Leads are people who declared interest within the last 30 days. They talked to you at an event, or registered for something on your web site. Leads are highly perishable, and must be contacted fast. For example, someone who talked to you at a tradeshow will barely remember your conversation a week later. Someone who registered at your website may not even recall having visited 24 hours later. So a service level agreement (SLA) needs to be set up about how fast marketing gets leads get into the SFA system, and how quickly the contact attempts (both email and phone) happen. It is a good plan to have a schedule of contact attempts stretching out for a full month (with less frequent attempts over time). If no conversation has occurred in a month, leads revert to names. Telesales / telemarketers / ISRs should be the exclusive owner and processor of Leads, although marketing should provide the content (e.g., white papers, scripts, emails) to assist the process.
Contacted Leads are people in discussion with Telesales / Telemarketing / ISRs. They are not qualified yet, but they are being cultivated with information and offers of light-weight engagement that don't involve a sales rep's time (webinars...). Contacted Leads may stay in this state for months or even quarters -- no problem, because they're not in the "funnel" yet and are being groomed as future pipeline. Make sure to use "tickler" tasks, as contacted leads may actually be in the hopper longer than the half-life of your telesales / telemarketing reps. Contacted leads should be exclusively owned and processed by Telesales / Telemarketing / ISRs.

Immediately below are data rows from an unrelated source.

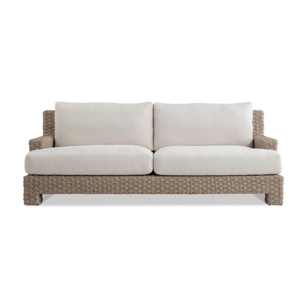 The Trieste Outdoor Sofa from Bernhardt features bold, generous lines and a deep weave in all-weather wicker with a Pampas finish. Its notched seat cushions and back pillows provide exceptional comfort, while the open base introduces a modern geometric style, creating an elevated and sophisticated outdoor seating experience.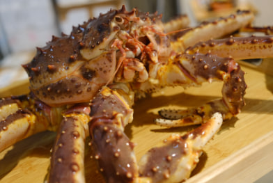 甘鮮甜美的帝王蟹,堪稱蟹中之王,是所有螃蟹中的極品,生長在海下200公尺~300公尺之間活動的牠,有著豐滿的肉餡與紮實的口感,雄壯的蟹管裡,塞滿了滿滿的蟹肉,讓人吃到簌簌叫!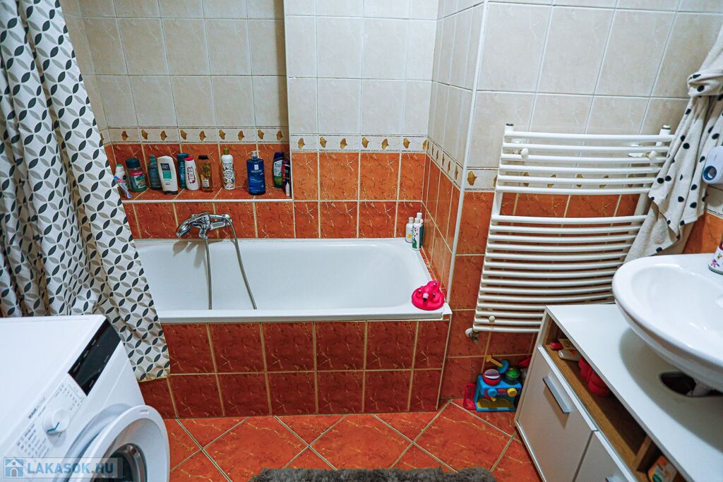 A FÜRDŐ ÉS A WC KÜLÖN helyezkedik el. Tágas előtere NAGYMÉRETŰ SZERKÉNYEKKEL ELLÁTOTT, amely ideális pakolófelületet biztosít – mindezek a vételár részét képezik.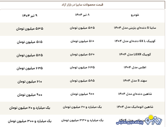 قیمت روز محصولات سایپا دوشنبه ۹ تیر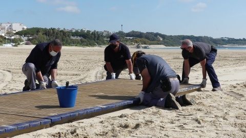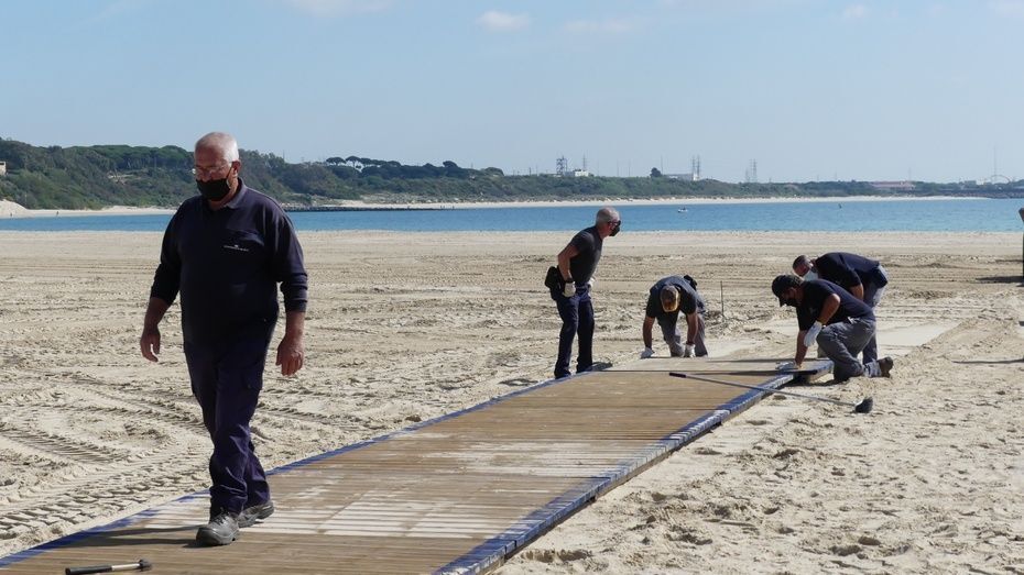 Los trabajos para poner las playas a punto de cara a la temporada media han comenzado y desde hace unos días, los operarios municipales están trabajando en la colocación del entarimado que facilitará el acceso a aquellas personas que, aprovechando el buen tiempo, quieran disfrutar de la costa roteña.

Qualified Leads are people who have passed the qualification criteria, but may not yet have had their first conversation with Sales. A qualified lead is subject to re- qualification by the sales rep before it is accepted by the field. If the rep doesn't believe that it's worth putting sales time into a qualified lead yet (e.g., she doesn't smell a deal here), the qualified lead stays with the Telesales / Telemarketing / ISR person for further cultivation. When things are going right, people stay as in the qualified lead state for only a few days while appointment schedules are coordinated with the rep. Qualified leads are owned by Telesales, but shared with the Sales reps.
Opportunity Contacts are people whom Sales has accepted: there's an opportunity, and a sales cycle with the contacts has begun. Opportunity contacts are exclusively owned and handled by Sales and their SEs.

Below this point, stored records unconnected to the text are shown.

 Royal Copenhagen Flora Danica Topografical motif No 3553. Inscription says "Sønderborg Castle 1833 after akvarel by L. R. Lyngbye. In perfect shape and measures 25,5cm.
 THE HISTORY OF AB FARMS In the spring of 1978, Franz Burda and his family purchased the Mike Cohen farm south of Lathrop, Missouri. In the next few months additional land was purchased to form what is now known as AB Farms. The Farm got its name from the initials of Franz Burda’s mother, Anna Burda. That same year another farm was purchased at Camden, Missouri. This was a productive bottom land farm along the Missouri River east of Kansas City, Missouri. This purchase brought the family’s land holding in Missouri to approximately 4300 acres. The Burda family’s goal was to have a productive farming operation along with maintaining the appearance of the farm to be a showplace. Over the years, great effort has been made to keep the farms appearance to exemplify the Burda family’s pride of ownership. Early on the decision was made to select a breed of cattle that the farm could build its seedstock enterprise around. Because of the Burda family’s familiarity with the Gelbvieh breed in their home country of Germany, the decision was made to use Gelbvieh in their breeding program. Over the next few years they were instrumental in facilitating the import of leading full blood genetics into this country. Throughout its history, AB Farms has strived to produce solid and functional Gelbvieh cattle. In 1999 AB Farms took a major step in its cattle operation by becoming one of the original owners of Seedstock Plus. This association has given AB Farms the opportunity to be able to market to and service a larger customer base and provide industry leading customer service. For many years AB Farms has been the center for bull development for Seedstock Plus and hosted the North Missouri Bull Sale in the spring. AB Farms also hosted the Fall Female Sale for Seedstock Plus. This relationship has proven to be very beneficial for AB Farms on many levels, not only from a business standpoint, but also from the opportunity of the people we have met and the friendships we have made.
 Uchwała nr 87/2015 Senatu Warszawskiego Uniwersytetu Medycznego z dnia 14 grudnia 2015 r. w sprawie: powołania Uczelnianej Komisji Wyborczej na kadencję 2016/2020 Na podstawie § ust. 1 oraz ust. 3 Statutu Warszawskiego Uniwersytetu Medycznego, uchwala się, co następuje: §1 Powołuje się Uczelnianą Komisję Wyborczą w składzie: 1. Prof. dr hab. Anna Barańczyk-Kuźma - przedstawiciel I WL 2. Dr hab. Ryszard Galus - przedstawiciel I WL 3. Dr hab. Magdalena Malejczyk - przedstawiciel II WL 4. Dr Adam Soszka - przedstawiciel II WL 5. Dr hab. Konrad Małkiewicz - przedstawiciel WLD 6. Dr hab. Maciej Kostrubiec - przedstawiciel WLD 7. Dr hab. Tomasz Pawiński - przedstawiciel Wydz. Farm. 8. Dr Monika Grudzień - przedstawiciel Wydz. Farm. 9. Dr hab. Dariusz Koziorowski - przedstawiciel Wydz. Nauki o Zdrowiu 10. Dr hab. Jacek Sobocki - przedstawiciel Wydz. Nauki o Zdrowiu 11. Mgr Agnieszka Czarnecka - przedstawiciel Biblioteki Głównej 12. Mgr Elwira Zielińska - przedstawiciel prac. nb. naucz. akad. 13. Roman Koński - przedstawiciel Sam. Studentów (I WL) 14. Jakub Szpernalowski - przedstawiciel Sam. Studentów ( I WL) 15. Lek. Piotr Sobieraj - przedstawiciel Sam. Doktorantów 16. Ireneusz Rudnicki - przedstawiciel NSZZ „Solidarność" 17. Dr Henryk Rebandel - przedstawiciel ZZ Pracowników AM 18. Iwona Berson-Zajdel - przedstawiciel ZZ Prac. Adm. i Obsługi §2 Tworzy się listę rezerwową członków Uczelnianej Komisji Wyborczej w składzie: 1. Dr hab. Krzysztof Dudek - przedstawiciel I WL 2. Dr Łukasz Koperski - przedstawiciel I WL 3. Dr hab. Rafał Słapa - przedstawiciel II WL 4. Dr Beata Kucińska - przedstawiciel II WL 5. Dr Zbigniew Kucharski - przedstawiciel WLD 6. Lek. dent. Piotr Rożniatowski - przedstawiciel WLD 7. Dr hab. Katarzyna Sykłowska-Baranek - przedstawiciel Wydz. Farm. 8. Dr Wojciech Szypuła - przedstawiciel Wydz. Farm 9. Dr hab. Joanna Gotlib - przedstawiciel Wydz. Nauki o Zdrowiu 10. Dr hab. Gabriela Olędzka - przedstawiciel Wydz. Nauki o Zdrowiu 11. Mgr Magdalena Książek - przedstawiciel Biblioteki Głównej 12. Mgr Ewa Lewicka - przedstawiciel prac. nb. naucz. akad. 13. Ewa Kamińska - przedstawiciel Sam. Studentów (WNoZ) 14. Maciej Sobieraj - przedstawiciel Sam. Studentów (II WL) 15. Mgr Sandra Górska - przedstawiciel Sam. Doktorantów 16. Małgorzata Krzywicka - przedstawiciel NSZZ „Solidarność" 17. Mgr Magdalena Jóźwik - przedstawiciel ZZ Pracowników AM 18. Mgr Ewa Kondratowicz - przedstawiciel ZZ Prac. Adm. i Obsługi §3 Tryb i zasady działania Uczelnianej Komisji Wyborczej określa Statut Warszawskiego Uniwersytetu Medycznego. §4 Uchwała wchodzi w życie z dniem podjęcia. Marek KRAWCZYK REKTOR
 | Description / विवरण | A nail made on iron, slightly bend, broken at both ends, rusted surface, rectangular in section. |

It seems that you can't talk about a business process without commenting on how to outsource or automate it (maybe that's what gave BPM such a bad name ). In this particular case, the Telesales / Telemarketing / ISR function is dealing with highly perishable and sensitive assets: your future pipeline. Details, timing, finesse -- even tone of voice and attitude -- really matter.

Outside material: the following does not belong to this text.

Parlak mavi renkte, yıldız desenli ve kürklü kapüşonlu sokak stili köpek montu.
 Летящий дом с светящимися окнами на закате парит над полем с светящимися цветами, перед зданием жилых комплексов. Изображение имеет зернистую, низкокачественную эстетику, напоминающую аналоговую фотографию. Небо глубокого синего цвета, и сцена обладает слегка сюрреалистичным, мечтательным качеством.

Consequently, only some of telesaels/telemarketing activities can be routinized enough to be automated or outsourced. I do recommend automating a lot of the initial email outreach (implement a sequential auto-responder or other marketing automation tool), but once there is any serious prospect engagement your people must take over. It's pretty much the same story for pure telephone work: use outsourcers to get phone numbers, update email addresses, or even figure out overall org charts. But when it's time for phone conversations about your value proposition, market differentiation, and qualification -- these must almost always be done by your people.